> **Directions for this task**
Would it be possible to output exactly, and only, the lines below from the one holding "羽毛:ポーランド産ホワイトダックダウン93% 1.2㎏ ロイヤルゴールドラベル" to the last line, both included, with every picture left out?

> **Entries provided**
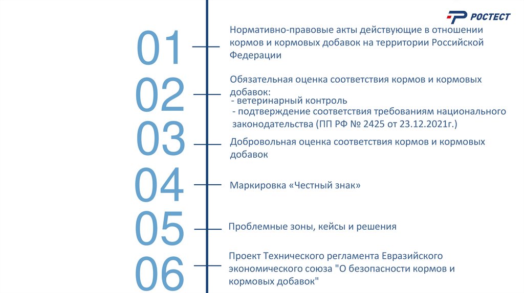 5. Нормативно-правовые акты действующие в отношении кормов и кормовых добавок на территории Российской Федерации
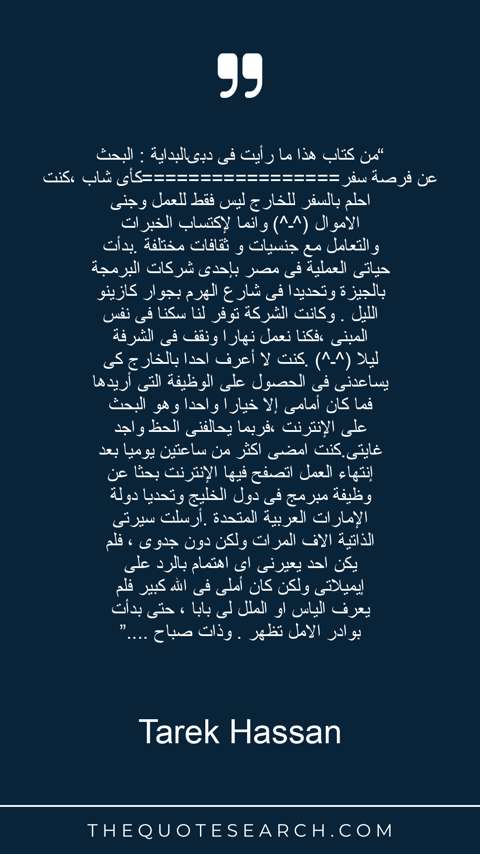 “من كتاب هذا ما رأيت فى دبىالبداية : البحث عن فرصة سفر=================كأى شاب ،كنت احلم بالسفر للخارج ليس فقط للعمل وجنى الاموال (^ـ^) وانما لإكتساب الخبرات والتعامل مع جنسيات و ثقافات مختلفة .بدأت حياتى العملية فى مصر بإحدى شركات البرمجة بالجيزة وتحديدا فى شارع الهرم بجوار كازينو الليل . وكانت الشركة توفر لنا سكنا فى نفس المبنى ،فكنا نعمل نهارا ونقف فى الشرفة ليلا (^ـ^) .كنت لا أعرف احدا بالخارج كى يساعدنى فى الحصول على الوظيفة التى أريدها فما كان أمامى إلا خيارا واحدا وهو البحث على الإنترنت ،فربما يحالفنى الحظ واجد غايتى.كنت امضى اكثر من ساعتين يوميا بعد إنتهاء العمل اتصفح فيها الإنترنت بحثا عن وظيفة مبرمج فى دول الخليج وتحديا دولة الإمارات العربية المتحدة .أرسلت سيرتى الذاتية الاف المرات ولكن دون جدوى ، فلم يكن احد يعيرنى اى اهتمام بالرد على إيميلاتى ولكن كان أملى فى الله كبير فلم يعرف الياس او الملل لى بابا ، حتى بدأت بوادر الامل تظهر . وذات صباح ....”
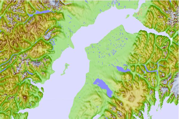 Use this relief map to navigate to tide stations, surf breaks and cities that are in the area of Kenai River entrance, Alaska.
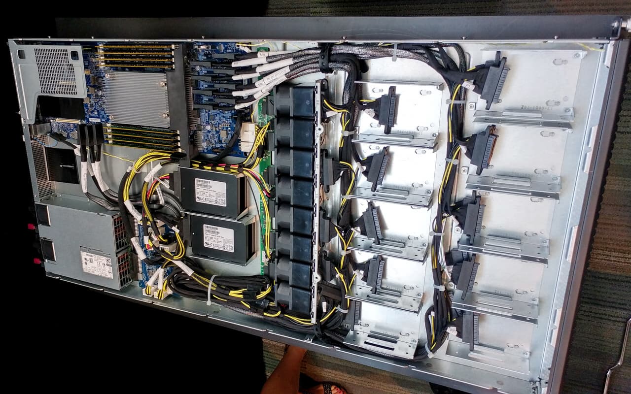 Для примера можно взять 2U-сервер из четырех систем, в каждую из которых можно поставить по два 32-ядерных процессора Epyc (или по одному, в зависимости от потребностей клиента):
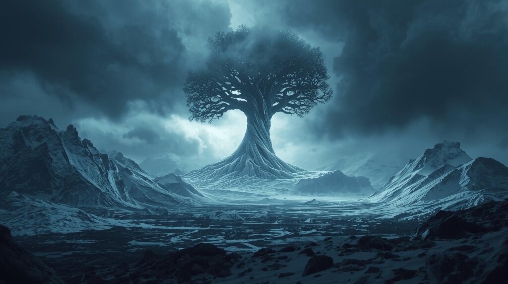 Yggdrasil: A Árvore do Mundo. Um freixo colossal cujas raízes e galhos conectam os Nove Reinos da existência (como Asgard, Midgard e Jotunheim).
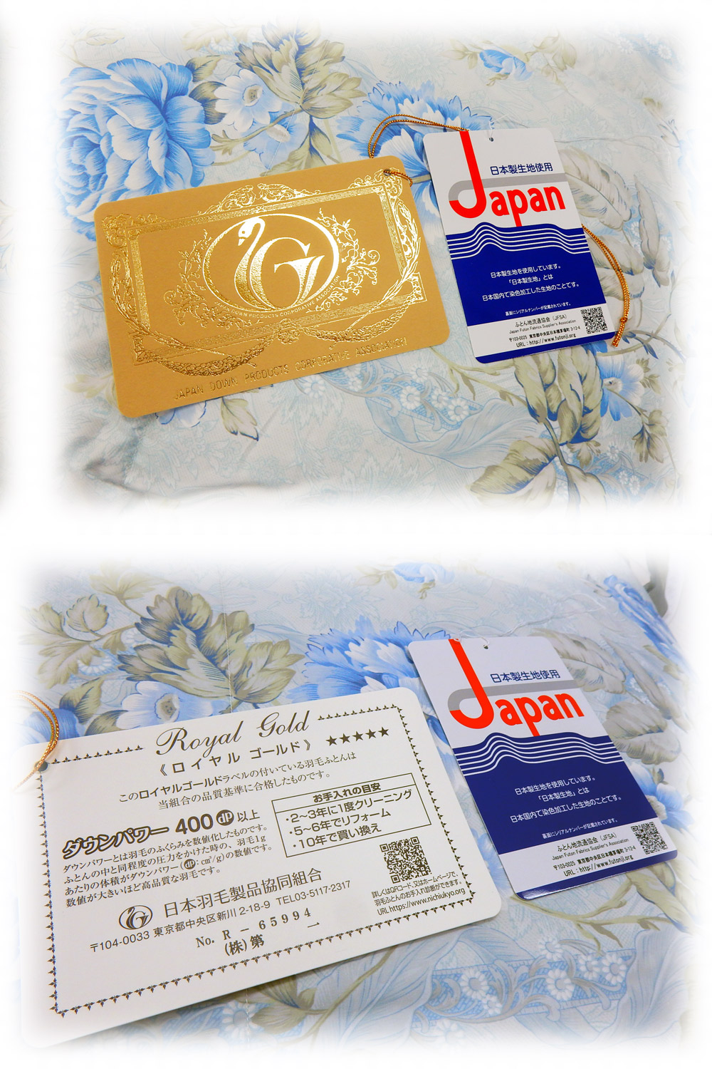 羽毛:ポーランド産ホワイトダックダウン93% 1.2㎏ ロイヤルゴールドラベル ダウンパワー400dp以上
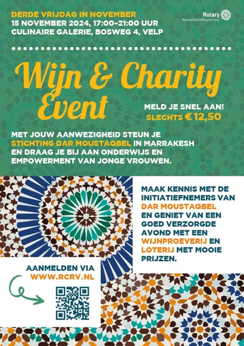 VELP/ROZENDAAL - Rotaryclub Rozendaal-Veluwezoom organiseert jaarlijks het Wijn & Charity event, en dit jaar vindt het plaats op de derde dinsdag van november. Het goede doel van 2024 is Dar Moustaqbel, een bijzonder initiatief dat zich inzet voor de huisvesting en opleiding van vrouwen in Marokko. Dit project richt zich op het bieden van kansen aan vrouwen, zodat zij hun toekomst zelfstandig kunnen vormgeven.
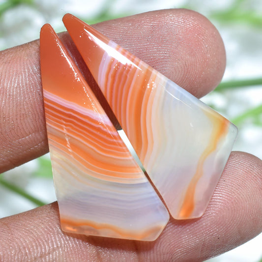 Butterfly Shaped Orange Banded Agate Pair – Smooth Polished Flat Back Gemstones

> **Solution to this problem**
 羽毛:ポーランド産ホワイトダックダウン93% 1.2㎏ ロイヤルゴールドラベル ダウンパワー400dp以上
 VELP/ROZENDAAL - Rotaryclub Rozendaal-Veluwezoom organiseert jaarlijks het Wijn & Charity event, en dit jaar vindt het plaats op de derde dinsdag van november. Het goede doel van 2024 is Dar Moustaqbel, een bijzonder initiatief dat zich inzet voor de huisvesting en opleiding van vrouwen in Marokko. Dit project richt zich op het bieden van kansen aan vrouwen, zodat zij hun toekomst zelfstandig kunnen vormgeven.
 Butterfly Shaped Orange Banded Agate Pair – Smooth Polished Flat Back Gemstones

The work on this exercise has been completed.